PROBLEM ▸
From the listing that follows, reproduce only the lines from the one holding "男性向けラノベタイトル風あだ名 | 『みかたかはし~年齢イコール彼女いない歴の魔法使い~』 |" through the one holding "Der graue, verdickte", both included, with no pictures.
[RECORDS FOR THE TASK]
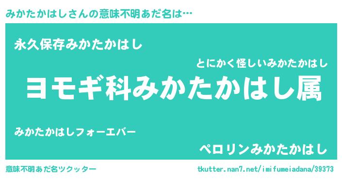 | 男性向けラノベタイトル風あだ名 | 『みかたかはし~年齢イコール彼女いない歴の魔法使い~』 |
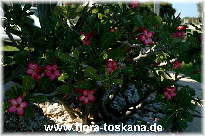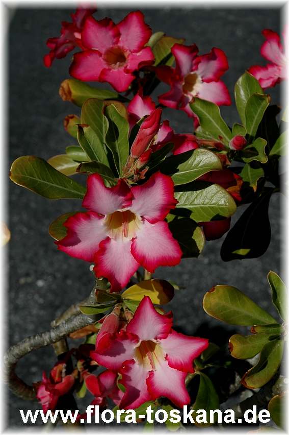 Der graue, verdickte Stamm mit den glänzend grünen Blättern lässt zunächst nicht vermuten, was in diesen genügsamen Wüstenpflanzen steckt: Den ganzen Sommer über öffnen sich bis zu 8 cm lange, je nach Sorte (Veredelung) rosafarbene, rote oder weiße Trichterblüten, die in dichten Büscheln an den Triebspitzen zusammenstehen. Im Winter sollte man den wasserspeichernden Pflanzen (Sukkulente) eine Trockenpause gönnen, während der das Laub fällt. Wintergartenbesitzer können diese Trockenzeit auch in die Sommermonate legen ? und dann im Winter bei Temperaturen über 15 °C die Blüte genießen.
[/RECORDS FOR THE TASK]
[RECORDS FOR THE TASK]
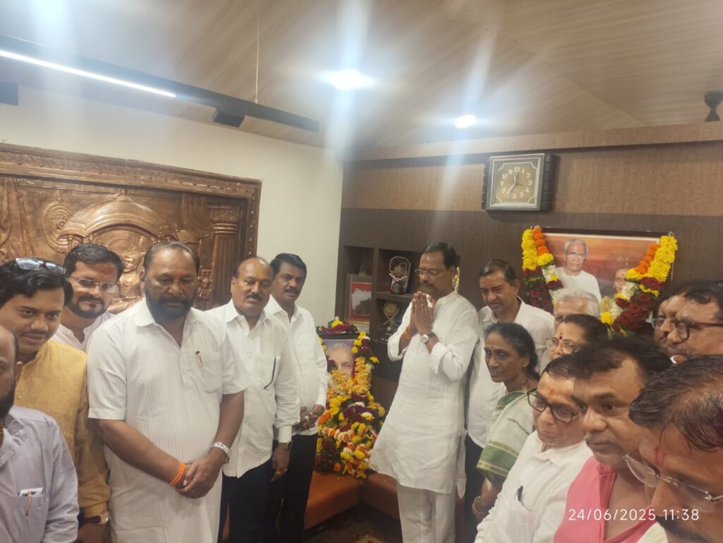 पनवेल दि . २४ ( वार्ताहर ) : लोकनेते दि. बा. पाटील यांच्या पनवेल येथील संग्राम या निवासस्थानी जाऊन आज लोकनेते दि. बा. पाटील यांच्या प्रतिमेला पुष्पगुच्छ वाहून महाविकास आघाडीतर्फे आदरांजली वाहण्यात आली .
[/RECORDS FOR THE TASK]
EXERCISE SOLUTION ▸
 | 男性向けラノベタイトル風あだ名 | 『みかたかはし~年齢イコール彼女いない歴の魔法使い~』 |
 Der graue, verdickte Stamm mit den glänzend grünen Blättern lässt zunächst nicht vermuten, was in diesen genügsamen Wüstenpflanzen steckt: Den ganzen Sommer über öffnen sich bis zu 8 cm lange, je nach Sorte (Veredelung) rosafarbene, rote oder weiße Trichterblüten, die in dichten Büscheln an den Triebspitzen zusammenstehen. Im Winter sollte man den wasserspeichernden Pflanzen (Sukkulente) eine Trockenpause gönnen, während der das Laub fällt. Wintergartenbesitzer können diese Trockenzeit auch in die Sommermonate legen ? und dann im Winter bei Temperaturen über 15 °C die Blüte genießen.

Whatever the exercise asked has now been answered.